Noch vier Tage bis zur antifaschistischen / antirassistischen Demonstration "Pogrome verhindern, bevor sie entstehen" im ostthüringischen Greiz. Im Folgenden eine kurze Situationsbeschreibung...

 

Pogromstimmung breitet sich aus im Herbst des Jahres 2013. An mehreren Orten Deutschlands versammeln sich Rassist*Innen unter der Fassade besorgter Bürger*Innen, um gegen Asylbewerber*Innen zu hetzen. Die propagandistische Ausschlachtung rassistischer Vorurteile wird, wenn nicht schweigend hingenommen, durch die Bevölkerung geteilt. Nicht umsonst gelang es im sächsischen Schneeberg Nazis schon zwei Mal in Folge, mehr als tausend Menschen auf die Straße zu mobilisieren. Auch in Greiz-Pohlitz marschierten Nazis und Anwohner*Innen mit Fackeln vor einem provisorischen Wohnheim für Geflüchtete auf. Wenn auch in der Dimension nicht mit Schneeberg vergleichbar, konnte auch hier bestehender Alltagsrassismus durch organisierte Nazis aufgegriffen werden.
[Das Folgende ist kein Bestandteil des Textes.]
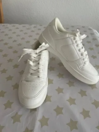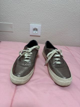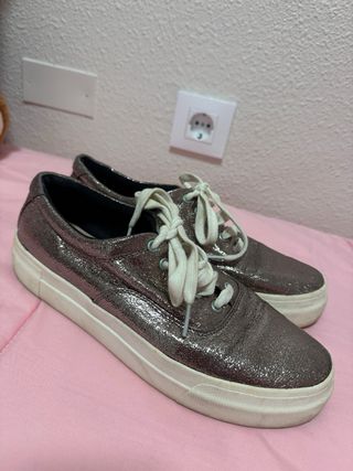 Zapatillas de la marca Pull&Bear con un acabado metalizado. - Diseño de zapatilla baja. - Cierre con cordones. - Suela de goma blanca. - no tiene desperfectos
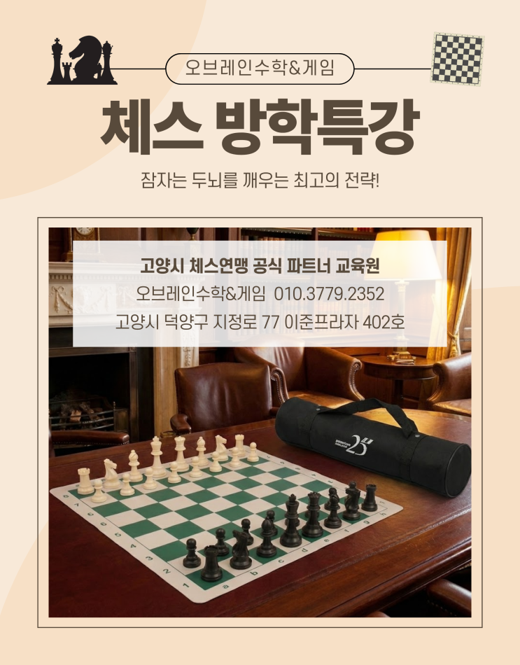 신청 및 문의 : 010-3779-2352 문자로 신청 (거주지역/자녀이름/자녀연령/신청과목(체스)/학부모님성함 작성) 교구로 배우는 사고력프로그램 전문 오브레인수학&게임 #오브레인체스 #겨울방학체스 #초등체스수업 #유아체스수업 #사고력체스 #두뇌트레이닝 #집중력향상 #논리적사고 #체스학원추천 #방학특강 #생각하는아이 #고양시체스 #덕양구체스 #지축체스 #삼송체스 #신원동체스 #원흥체스 #도래울체스 <img src="https://blogthumb.pstatic.net/MjAyNTEyMTVfMjAg/MDAxNzY1ODAzODkyODIx.aZOYEp160aRdkVBfc9aeFmy173vFF8PcL01B4V5zNL0g.4Q--yFBWKFUdzBY1gFtuEaTKgiDmnf-GSs_k4DK3N40g.PNG/1.png?type=s3" />
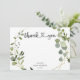 Baby shower carte de remerciements présente des feuilles d'eucalyptus verdoyants sur un cadre géométrique moderne et de calligraphie script avec coeur.
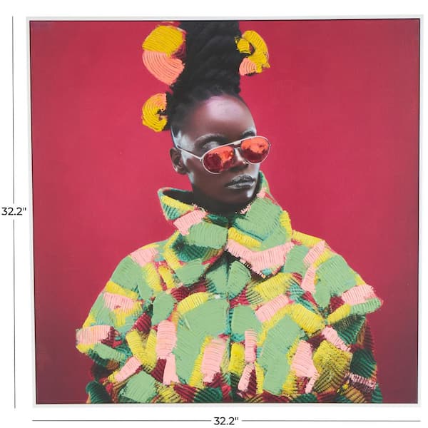 1-Panel Woman Chic Framed Wall Art with Green and Yellow Dresswear 32 in. x 32 in.
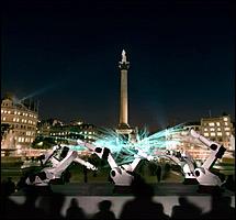 Σε ένα από τα πιο κεντρικά αξιοθέατα του Λονδίνου, την πλατεία Trafalgar, επέλεξαν οι υπεύθυνοι του Φεστιβάλ να τοποθετήσουν το πιο εντυπωσιακό «έκθεμα». Ένα μηχανικό «χταπόδι», αποτελούμενο από οκτώ γιγάντια ρομπότ «έκοβε βόλτες» στον αέρα πάνω από την πλατεία, αφήνοντας «ιπτάμενα» μηνύματα με laser.
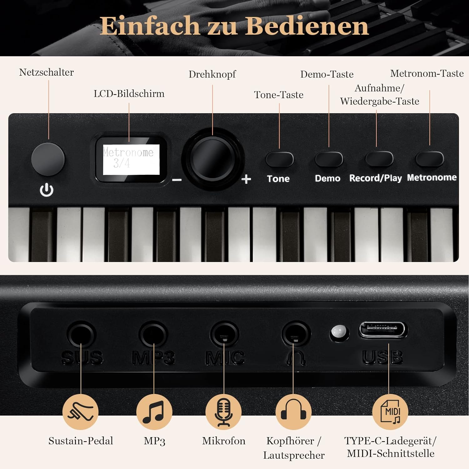 - 【Einfaches Aufladen und doppelte drahtlose Verbindung】Unsere elektrisches Keyboard mit eingebautem 1750-mAh-Akku kann mit einem 5-V-1-A-Netzteil aufgeladen werden. Darüber hinaus kann das Keyboard mit 5 externen Anschlüssen (einschliesslich USB /
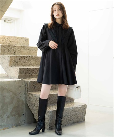 【おすすめポイント】:コットンレースのセーラーカラーが目を惹くデザインポイント!少し短め丈なので、ロングブーツと合わせれば甘さを抑えて大人っぽく着こなせそう。1枚でコーデの主役になる可愛さです。
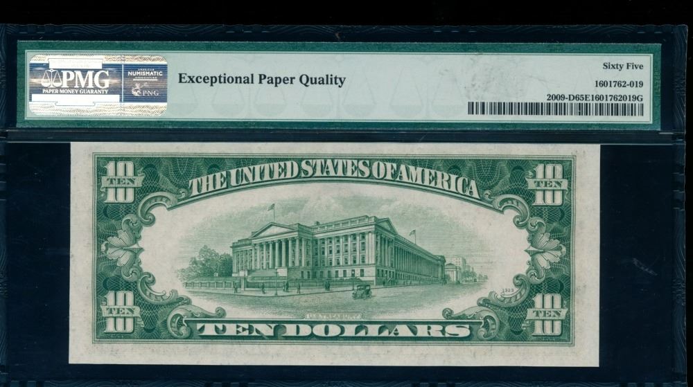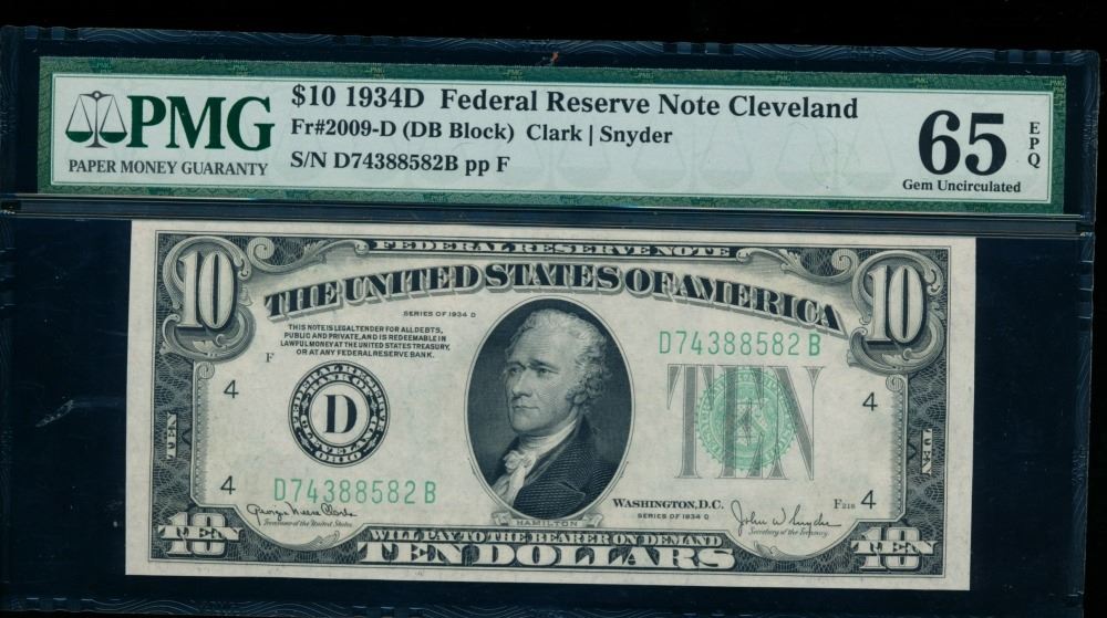 One 1934D $10 Cleveland FRN PMG 65EPQ.
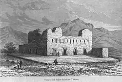 Drawing of Inca Templo del Sol (as seen in 1887) on the Isla del Sol, where the mummified body of Manco Cápac came to rest.
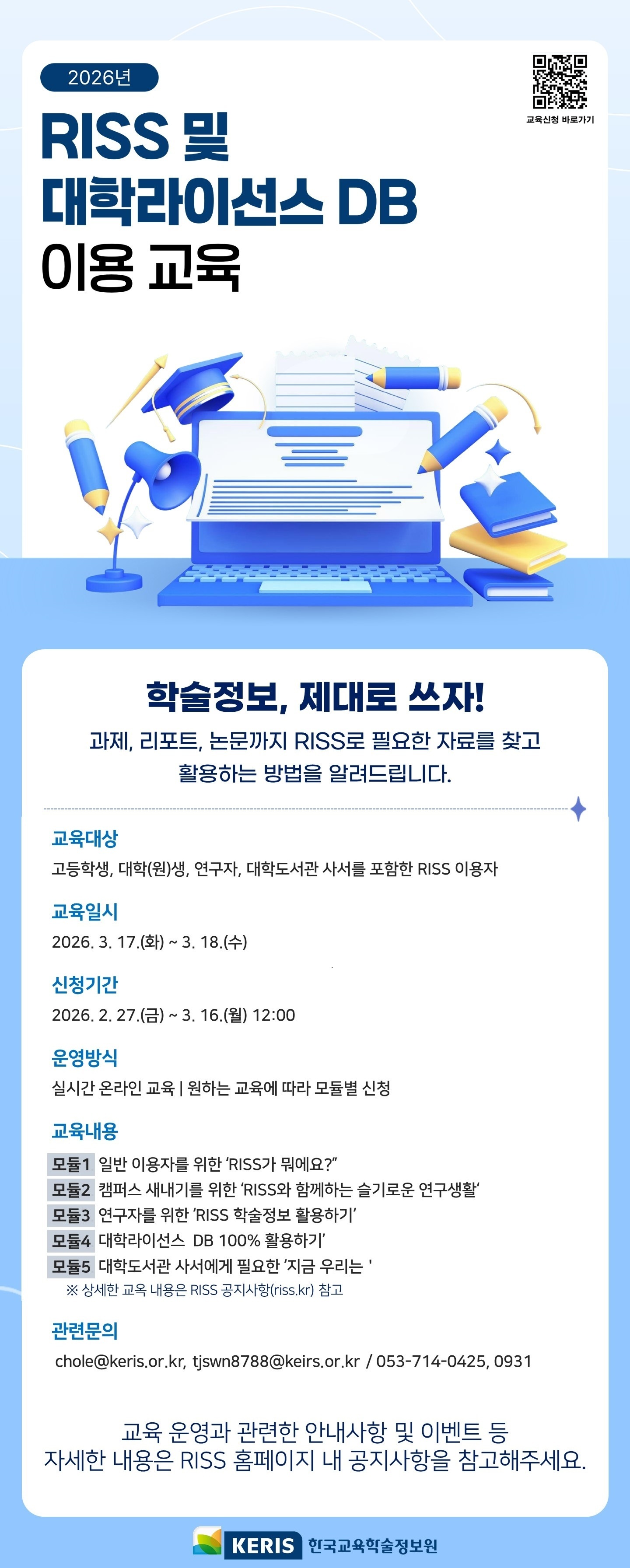 다. 내 용: 이용자를 위한 RISS 이용 방법, AI시대 학술정보 활용, 국내외 학술정보 활용 전략, 디지털 리터러시 교육 등 12개 교육
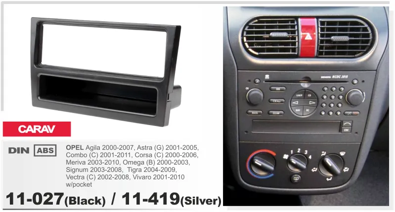 Переходная рамка CARAV 11-027 (1-DIN OPEL Astra 2000-2003,Corsa 2000-2006,Agila 2000-2007,Omega 1994
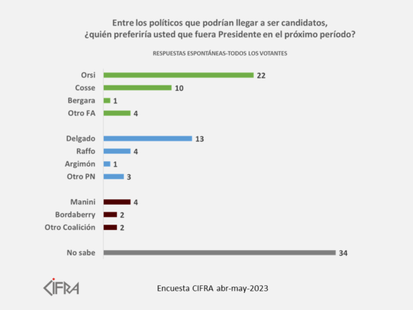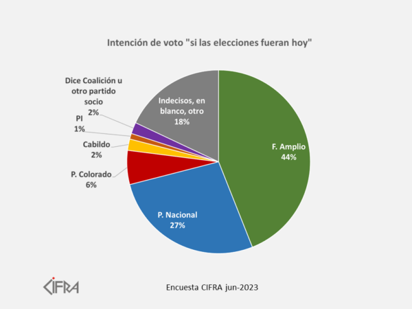 El 44% votaría al Frente Amplio, el 27% al Partido Nacional, el 6% al Partido...
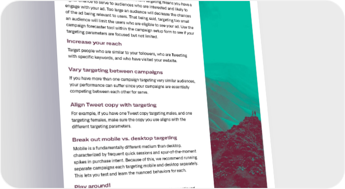 Audience targeting Other targeting tips to optimize your campaign Target with focus Creating campaigns with focused, relevant targeting means you have a higher chance to serve to audiences who are interested and likely to engage with your ad. Too large an audience will decrease the chances of the ad being relevant to users. That being said, targeting too small an audience will limit the users who are eligible to see your ad. Use the campaign forecaster tool within the campaign setup form to see if your targeting parameters are focused but not limited. Increase your reach Target people who are similar to your followers, who are Tweeting with specific keywords, and who have visited your website. Vary targeting between campaigns If you have more than one campaign targeting very similar audiences, your performance can suffer since your campaigns are essentially competing between each other for serve. Align Tweet copy with targeting For example, if you have one Tweet copy targeting males, and one targeting females, make sure the copy you use aligns with the different targeting parameters. Break out mobile vs. desktop targeting Mobile is a fundamentally different medium than desktop, characterized by frequent quick sessions and spur-of-the-moment spikes in purchase intent. Because of this, we recommend running separate campaigns each targeting mobile and desktop separately. This lets you test and learn the nuanced behaviors for each. Play around! One of the most important things you can do to drive continued campaign performance is to test what works for you and your campaigns. While it makes sense to run always-on campaigns, you’ll want to continually refresh and optimize your campaigns, given Twitter’s ever-changing, real-time nature. Remove low performing keywords, interests, and handles, and replace them with ones that are similar to the high performing ones. 17
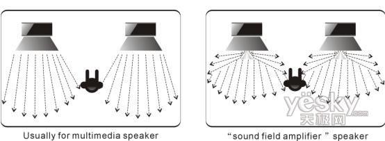 下面我们分享一下什么是“声扬扩展”技术?音响播放出的声音在空间的分布称为声场,并且声场的分布并非均匀,会依据听音环境的不同和距离的远近有很大差别,因而人在听音时,在环境中不同位置感受到的听音效果是有很大差别的。在听音环境中,相对音响所摆放的位置有近声场和远声场的区别。一般针对多媒体音响而言,1.5米以内称为近声场,1.5米之外称为远声场,普通的音箱在近声场处听音,不管是从音质还是声场定位效果方面都比较差。而国立音箱S3105采用独有的 “声场扩展”技术,有效地解决了近声场听音效果差的缺陷,使听音者在听音环境的任何位置都有效果逼真,音色完美,声音定位精准的音效表现,示意图如下:

Wenn wir der um sich greifenden rassistischen Pogromstimmung nicht Einhalt geboten wird, drohen Zustände wie in den 90er Jahren in Rostock-Lichtenhagen, Mölln, Solingen oder Hoyerswerda. „Pogrome verhindern, bevor sie entstehen!“, ist daher das Motto unserer Demonstration am 9.11. in Greiz.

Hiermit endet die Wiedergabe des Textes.